▶ EXERCISE DESCRIPTION:
Starting at the line below with "محمد صلاح في" and stopping at the line with "財務(wù)數(shù)據(jù):20", please print each line exactly, those two included, and skip every picture.
(ENTRIES SHOWN Opens)
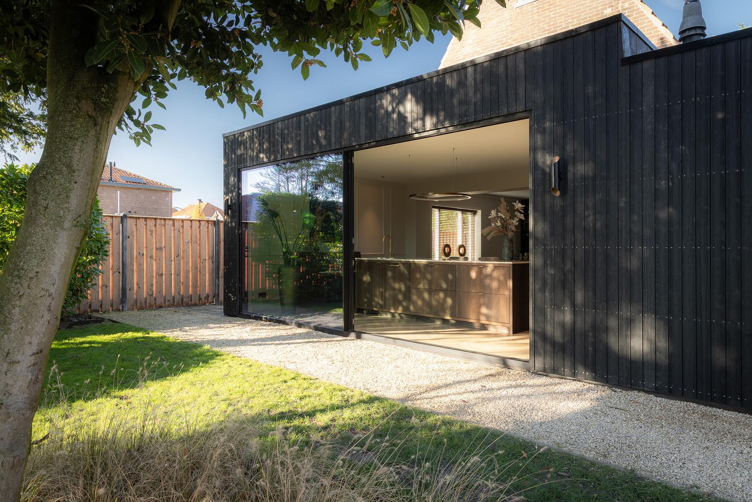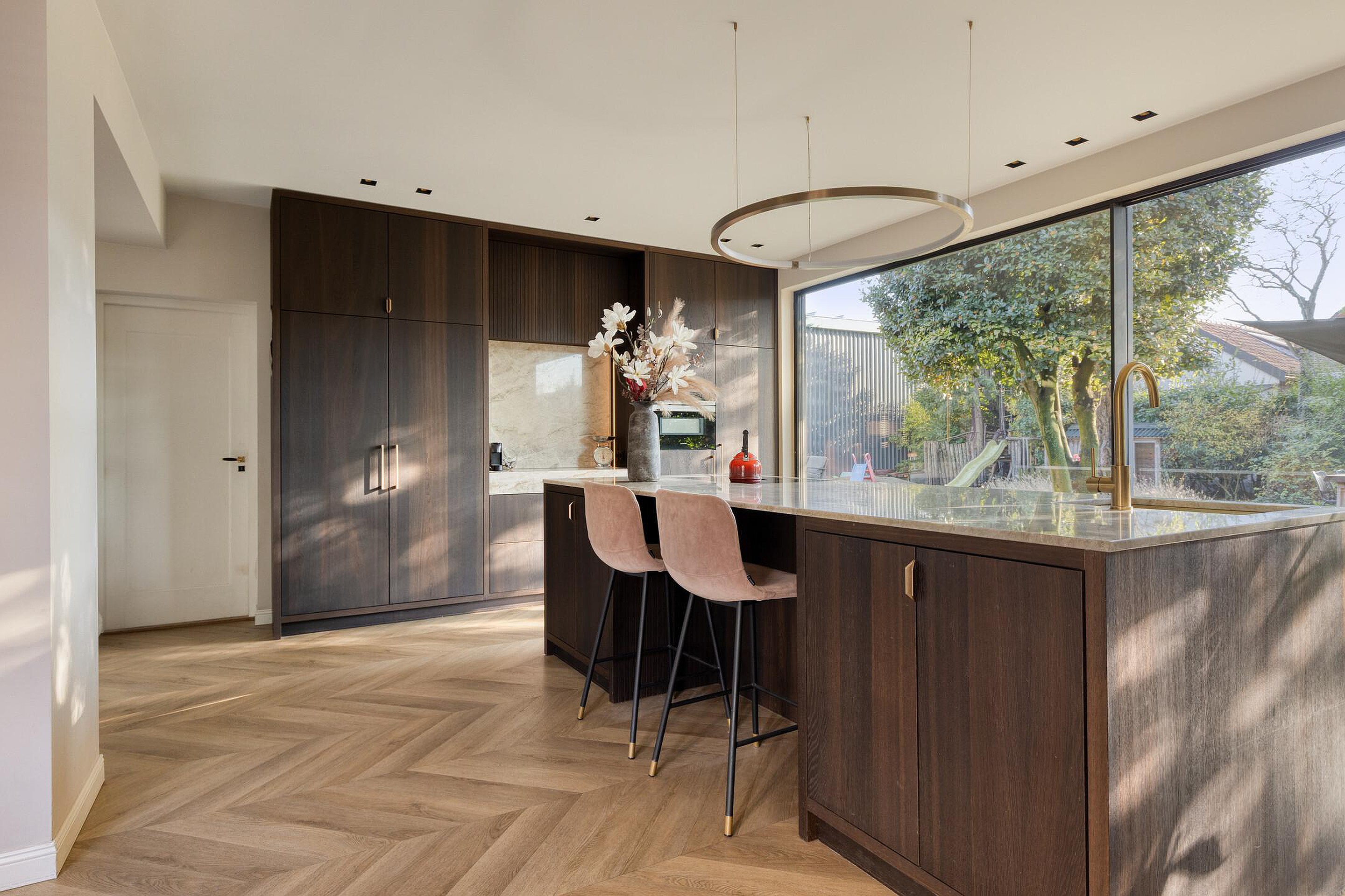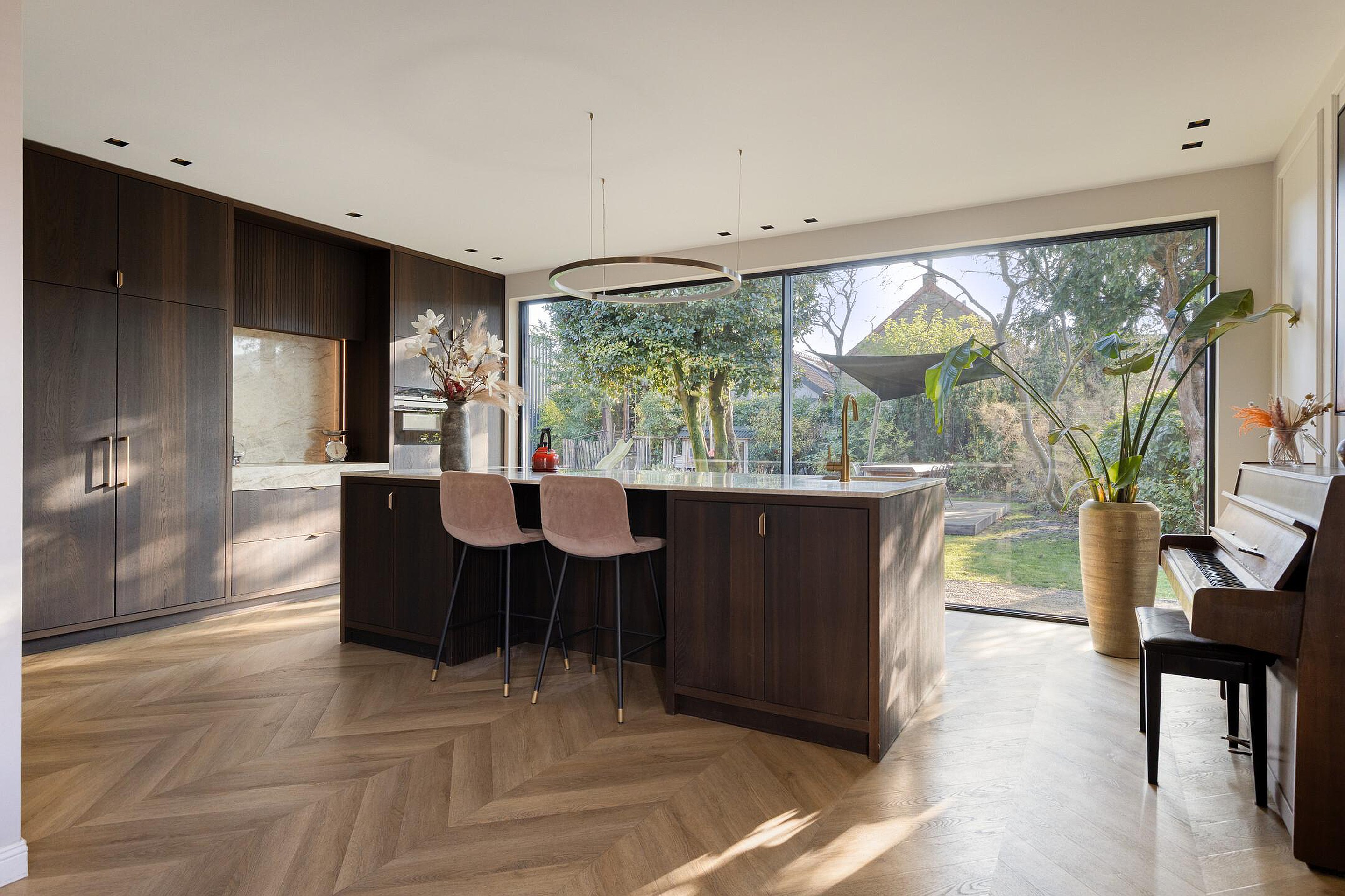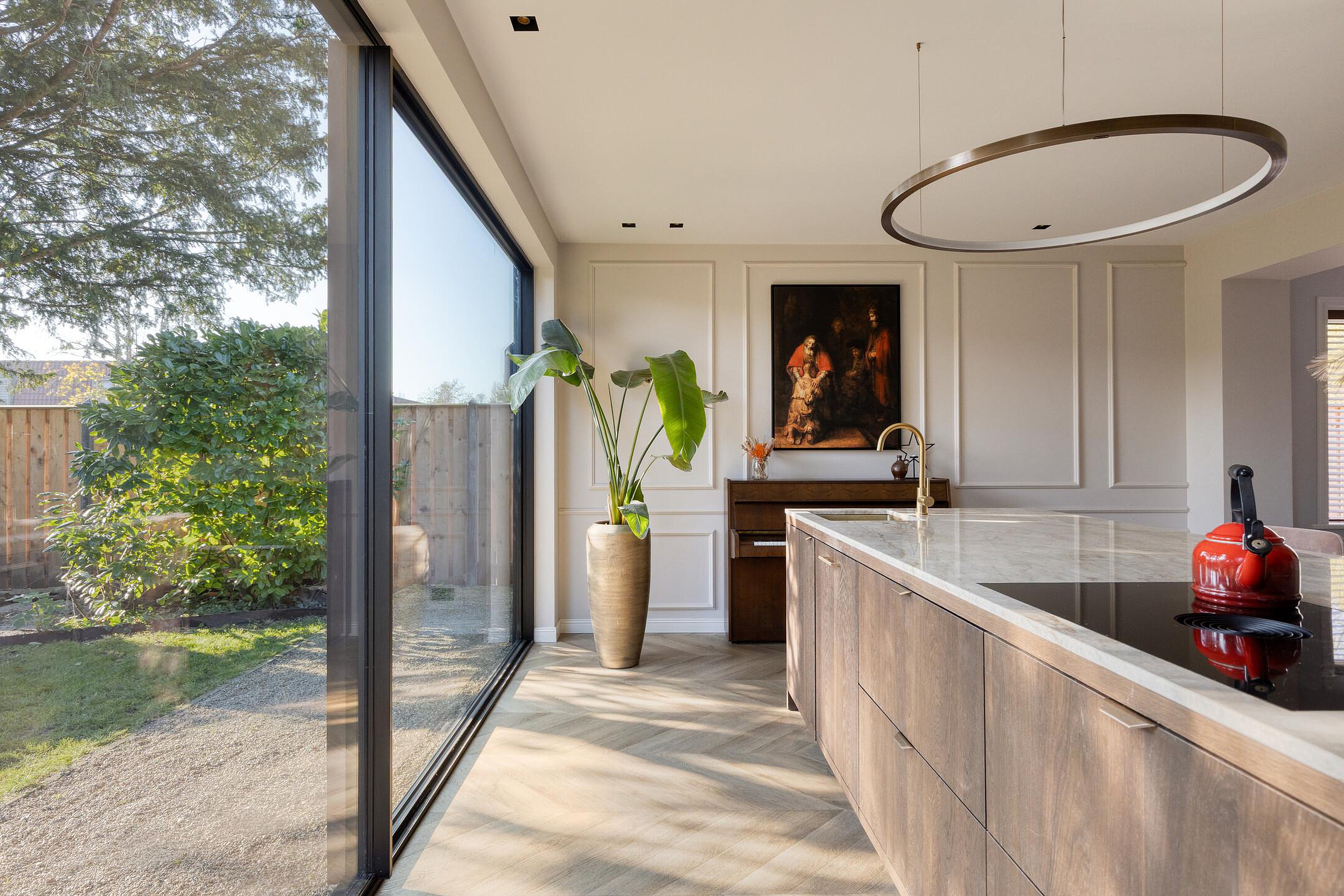 - Ruime leef keuken met aluminium panorama schuifpui
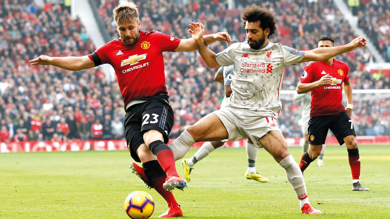 محمد صلاح في صراع على الكرة مع لاعب مان يونايتد لوك شو في لقاء سابق. أ.ف.ب
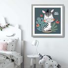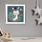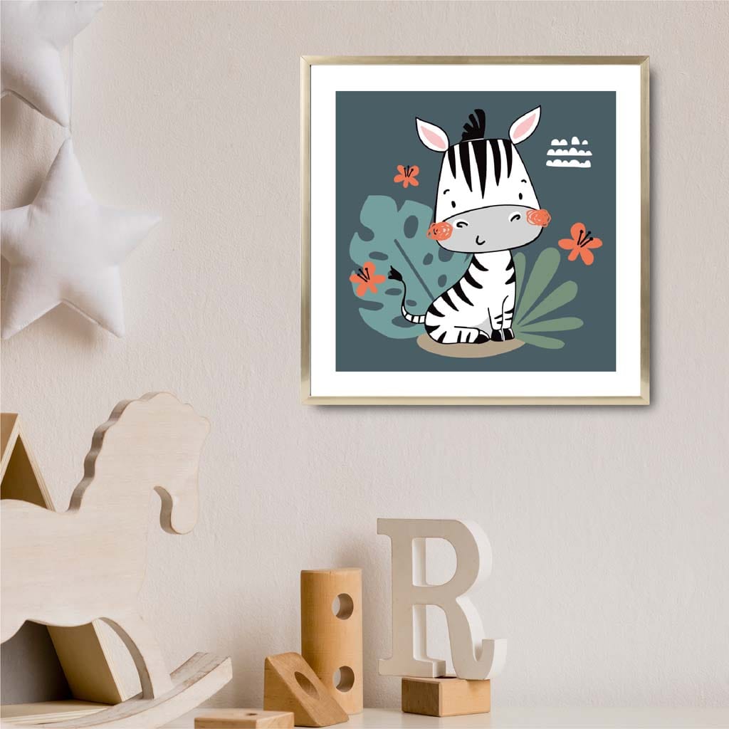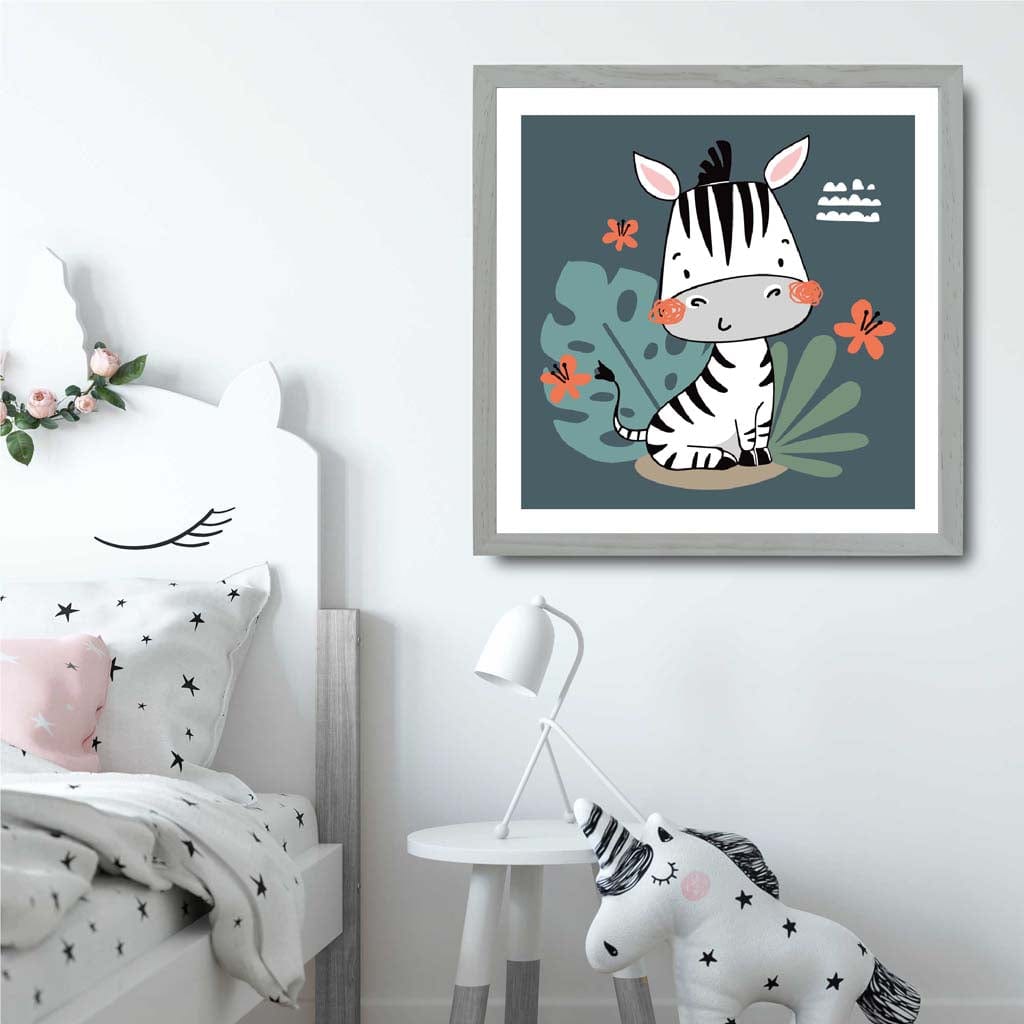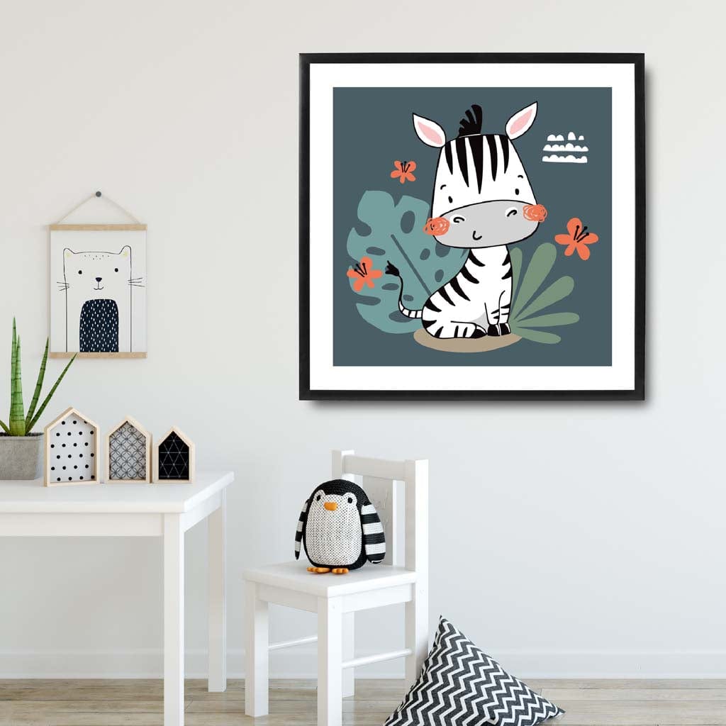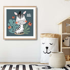 Cute Zebra FRAMED Print on Teal Blue Jungle Kids Wall Art
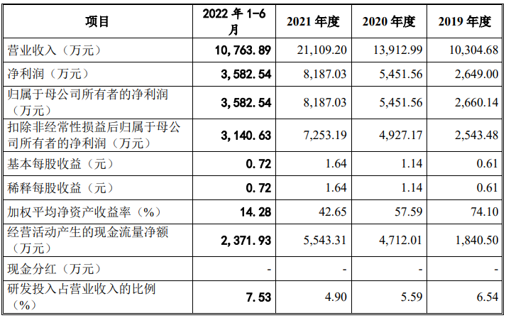 財務(wù)數(shù)據(jù):2019年-2022年1-6月,公司營業(yè)收入分別為1.03億元、1.39億元、2.11億元和1.08億元,凈利潤分別為2649.00萬元、5451.56萬元、8187.03萬元及3582.54萬元。
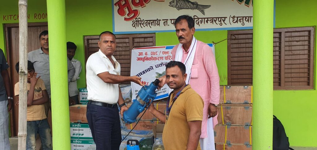 महेन्द्रनगर- धनुषा क्षिरेश्वरनाथ नगरपालिका आ.व.२०७८-०७९ मा प्रधानमन्त्री कृषि आधुनिकीकरण परियोजना द्धारा संचालित माछाको पकेट विकास कार्यक्रम अन्तर्गत ५०% अनुदानमा मोटर वितरण गरिएको छ ।
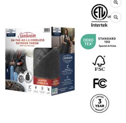 Sunbeam On-the-Go Cordless Heated Throw Blanket with Hood Gray Nylon/Microplush 50x66$40Shafter, CA
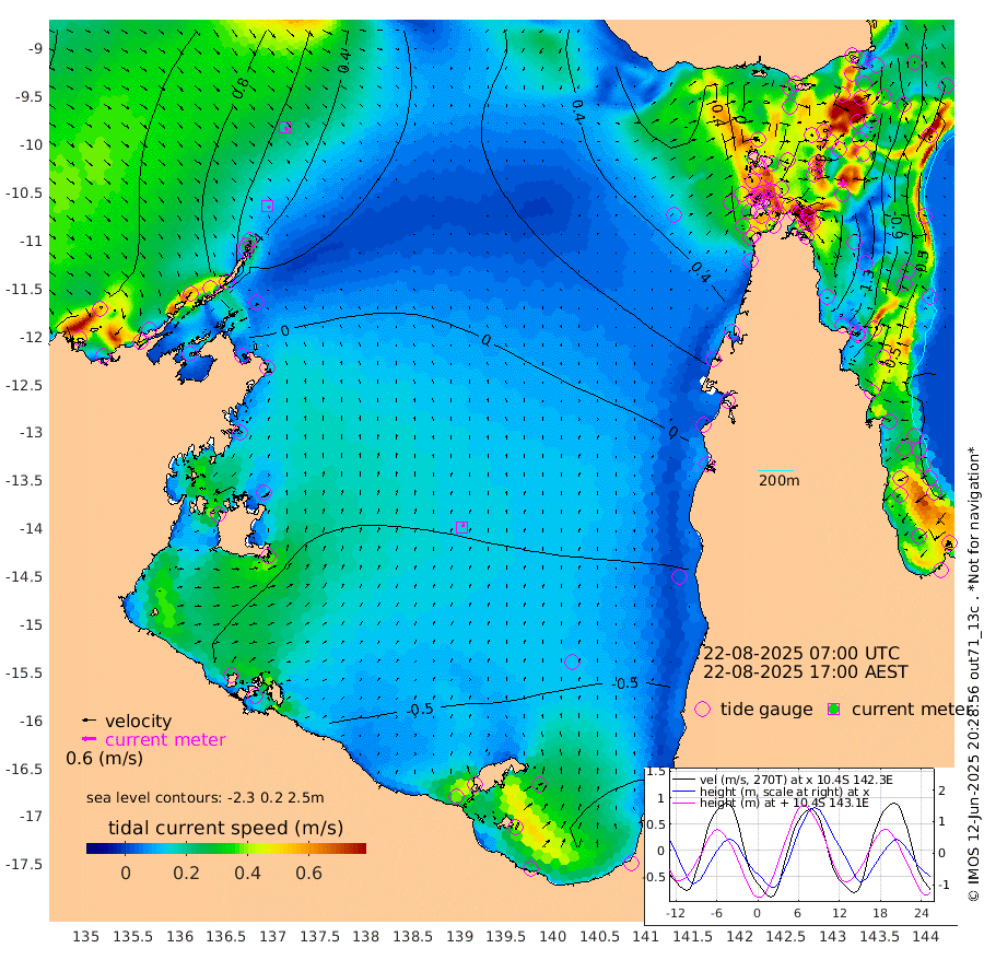 14cm/s 139T +3cm/s rms + 7cm/s -42T. ARA-GOC87 57m 16cm/s 26T +3cm/s rms + 2cm/s -2T. ARA-GOC87 60m 19cm/s 136T +2cm/s rms + 3cm/s 61T. ARA-GOC87 47m -160cm Daru -155cm Bobo Island -68cm Meer Island Barge -103cm Bramble Cay -136cm Unnamed Cay -149cm Pearce Cay -132cm Stephens Island -136cm Merrie England Shoals -157cm Mutacomal Reef -115cm Darnley Island Barge -81cm East Cay -134cm Yorke Island Barge -148cm Rennel Island -148cm Aureed Island -153cm Dungeness Reef -133cm Zagai Island -134cm Yam Island -94cm Dauan Island -79cm Saibai Island -123cm Phipi Reef -148cm Warrior Reef - West -50cm Mabuiag Island Barge -144cm Half Way Island -151cm Coconut Island -154cm Dugong Islet -145cm Poll Island -149cm Kirkcaldie Reef -140cm Suarji Island -131cm Sue Islet 29cm Hawkesbury Island -114cm Alert Patches -121cm Twin Island 9cm Badu Island -120cm St Pauls (Moa Island) -19cm Kubin (Moa Island) -80cm Ince Point -55cm Thursday Island -61cm Nardana Patches -32cm Turtle Head 5cm Round Island 26cm Goods Island 68cm Booby Island 47cm White Rocks Area 91cm Carpentaria -97cm Papou Point 75cm Bampfield Head 54cm Crab Island 50cm Red Wallis Island -8cm Packe Island -170cm Harrington Reef 35cm Herald Camp -41cm Sharp Point -29cm Red Island Point -67cm Possession Island -111cm Alpha Rock -140cm Frederick Point -149cm Wyborn Reef Light -147cm Tetley Island -69cm Triangle Reef -147cm Turtle Head Island -71cm Maclennan Cay -39cm Raine Island -130cm Mcsweeny Reef -115cm Collette Reef -68cm Shadwell Reef -124cm Hannibal Island -106cm Round Point 65cm Vrilya Point -91cm Cape Grenville -84cm Hicks Island -75cm Sir Charles Hardy Island -30cm Harvey Island -68cm Kay Reef -53cm Rocky Island -41cm Chapman Island -36cm Ham Reef -47cm Jubilee Reef -55cm Night Island -42cm Unnamed Reef No. 3 -55cm Morris Island -41cm 1st 3 Mile Opening -51cm Creech Reef -68cm Fife Island -50cm Eden Reef -53cm Stanley Island -65cm Normanby River 96cm Yabooma Island 90cm Hutchison River 95cm Elcho Island 87cm North West Crocodile Island 58cm Cape Wessel 76cm Stevens Island 21cm Guluwuru Island 80cm Hopeful Bay 65cm Auster Point 70cm Two Island Bay 54cm Cadell Strait -3cm Mallison Island 21cm Melville Bay (Gove Harbour) 27cm Truant Island 8cm Cape Arnhem -5cm Cape Grey -17cm Hawk Island -14cm Milner Bay (Groote Eylandt) -32cm Cape Beatrice -47cm West Island -43cm Centre Island -107cm Mornington Island -107cm West Wellesley Islands -109cm Bountiful Island -114cm Albert River Mouth -108cm Sweers Island -124cm Karumba -99cm Nassau River Offshore -73cm Christmas Creek -10cm Archer River 12cm Boyd Point 16cm Weipa (Humbug Point) 27cm Pennefather River 54cm Cullen Point
(ENTRIES SHOWN Closes)
▶ SOLUTION TO THE PROBLEM:
 محمد صلاح في صراع على الكرة مع لاعب مان يونايتد لوك شو في لقاء سابق. أ.ف.ب
 Cute Zebra FRAMED Print on Teal Blue Jungle Kids Wall Art
 財務(wù)數(shù)據(jù):2019年-2022年1-6月,公司營業(yè)收入分別為1.03億元、1.39億元、2.11億元和1.08億元,凈利潤分別為2649.00萬元、5451.56萬元、8187.03萬元及3582.54萬元。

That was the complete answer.